10 myths surrounding the digitization of the sheet metal sector

Numerous myths have sprung up around digitization, and today we will be dismantling some of the more common ones.

1. Digitization destroys jobs. Not only is the human factor still required in decision-making in those companies that have already digitized, as this process may also lead to the creation of new jobs. Digitization enables the staff in an organization to focus instead on tasks that add greater value.

2. Digitization is a passing fad. The digitization process that has evolved over recent decades suggests that its spread to fields that have thus far continued to depend on manual labour is unstoppable, irrespective of the sector involved. Thanks to our own experience, we know that digitization is essential for adapting to the changing environments in which businesses now have to compete.

3. Digitization requires a huge investment that is only within reach for a few. Thanks to systems in the cloud and usage-based licencing fees, digitization is becoming increasingly affordable for small and medium-sized enterprises (SMEs), as systems are scalable, so changeover processes can be undertaken gradually, striking a balance between needs and the resources available.

4. Companies that fail to digitize will disappear. Digitization paves the way for dynamic decision-making and allows adapting to each scenario in ever-changing markets. It helps to improve a given business’s capabilities, but this does not mean it is the only way to survive in the future.

5. Digitization means losing my differential features. Companies need a partner in this process, one with a profound understanding not only of the tools and processes required for implementing digitization, but also of each sector’s idiosyncrasies. digitization will therefore be introduced in those ambits in which it truly makes a difference, ignoring those areas in which it adds little or nothing.
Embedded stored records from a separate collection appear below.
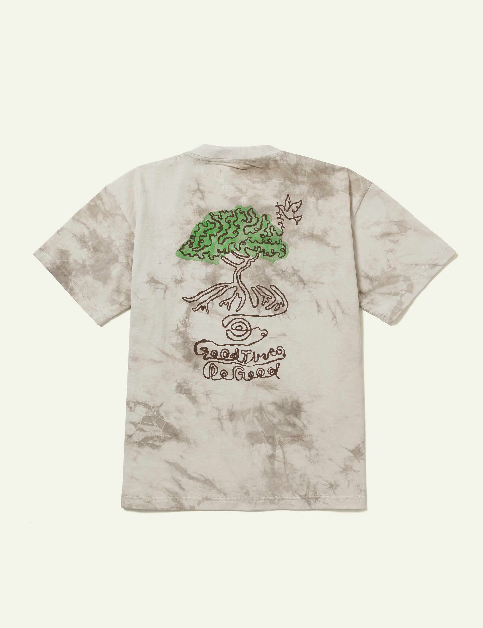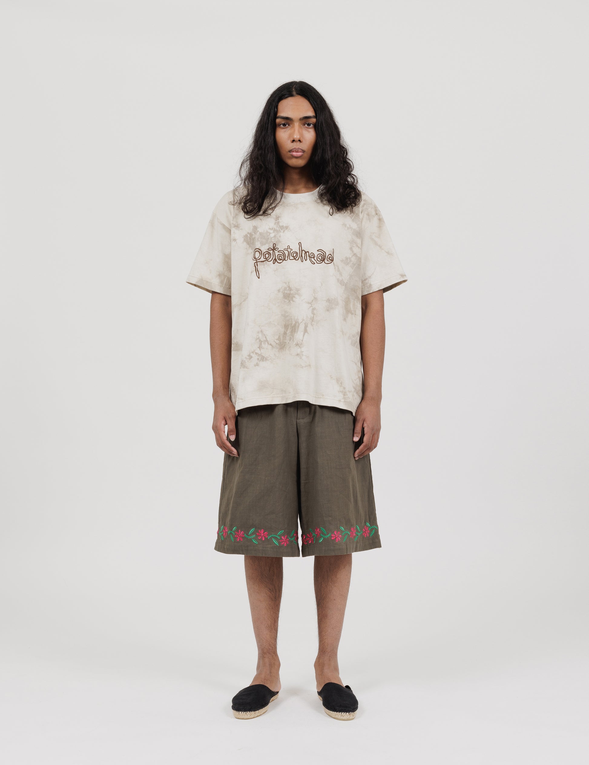 Naturally tie-dyed with plants, silk printed with a reference to Potato Head's place as the seed of community where good times do good.
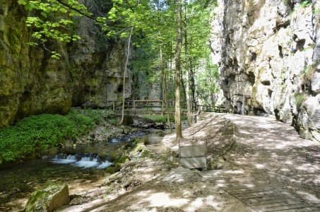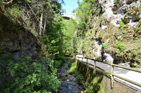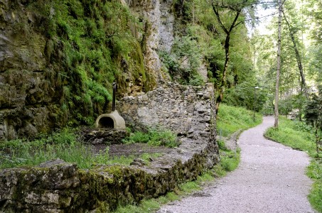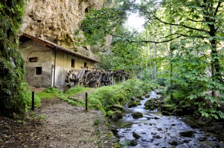 Lungo il tragitto si attraversano suggestivi ponticelli, si incontra un altro mulino e ci si addentra tra le pareti rocciose della forra su una passerella fino alla cascata del lago. Infine salendo una scaletta metallica si raggiunge il Lago Smeraldo.
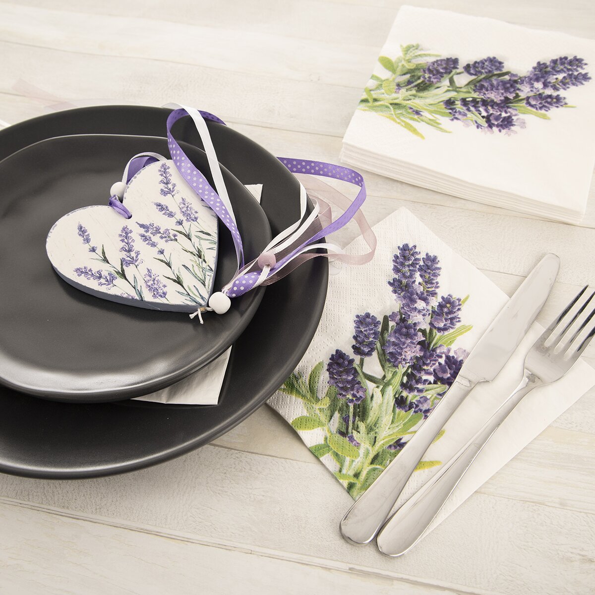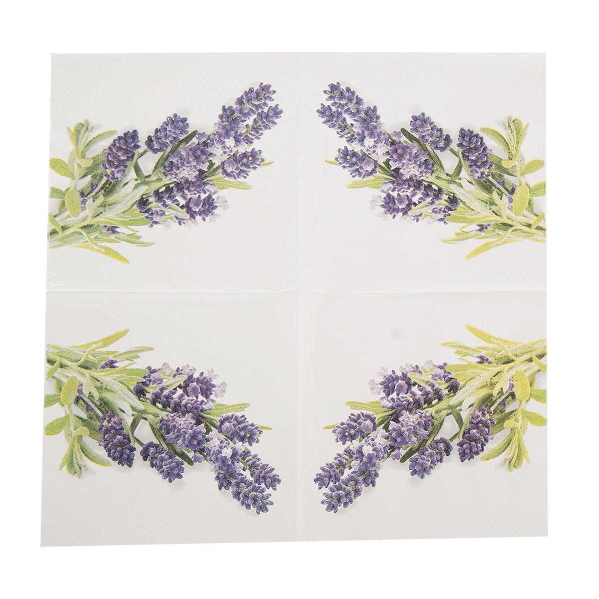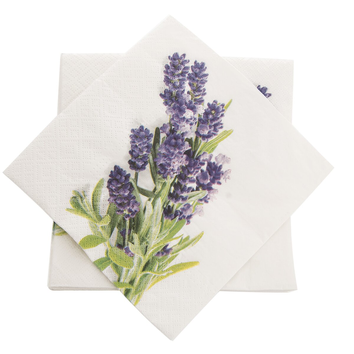 Kód produktu 841898Sada 20 ks světlých papírových ubrousků s tištěným motivem levandule, velikosti 33x33 cm, doplní prostřený stůl, piknikový košík i posezení na terase.

6. Digitization is not important in industrial sectors. Digitizing industry means democratising concepts that have thus far been reserved for only a few, such as an agile and rapid response to customers, which is essential in a world in which we are all aware that change is now a constant factor, and will continue to be.
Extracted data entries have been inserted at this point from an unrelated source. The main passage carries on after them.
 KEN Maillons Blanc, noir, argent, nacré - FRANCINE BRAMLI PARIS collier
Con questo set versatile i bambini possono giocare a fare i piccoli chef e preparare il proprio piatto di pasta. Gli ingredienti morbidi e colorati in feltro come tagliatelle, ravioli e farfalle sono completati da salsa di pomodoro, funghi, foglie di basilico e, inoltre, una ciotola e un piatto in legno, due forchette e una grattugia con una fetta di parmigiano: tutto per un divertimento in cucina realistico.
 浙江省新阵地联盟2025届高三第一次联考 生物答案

7. Digitization slows production processes. That may be the feeling in some cases. Nevertheless, digitizing a sheet metal plant’s production provides such advantages as the control of timings and bottlenecks, or the ability to know what is happening in real time, making decisions based on hard data rather than gut reactions.

8. Those companies that do not digitize will not survive. Digitization is a multiplying force. It enables companies to be more dynamic and adapt quickly to changes taking place in their environments. Digitization enables SMEs to access markets that they thought were reserved for the few. Yet this does not mean that companies without digitization tools will necessarily cease to be competitive.
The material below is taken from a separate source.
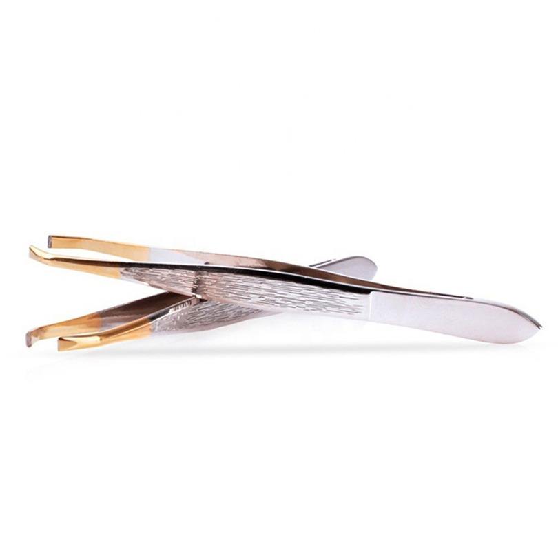 Pinzas de Punta inclinada de acero inoxidable de alta calidad para cejas y pestañas, pinzas duraderas ecológicas personalizables

9. Digitization reduces creativity. Digitization releases people from processes that are often tedious and repetitive, enabling them to focus on tasks that create more value, whereby it may in fact boost the creativity of teams.

10. Success in a digitization process requires an all-or-nothing approach. The logical thing is to understand a given sector’s idiosyncrasies in order to decide upon the stages in which the digitization process is to take place. Furthermore, this process does not end once these tools have been adopted, as both their own and the business’s evolution will require updates, modifications, and new tools for adapting to demand in each case.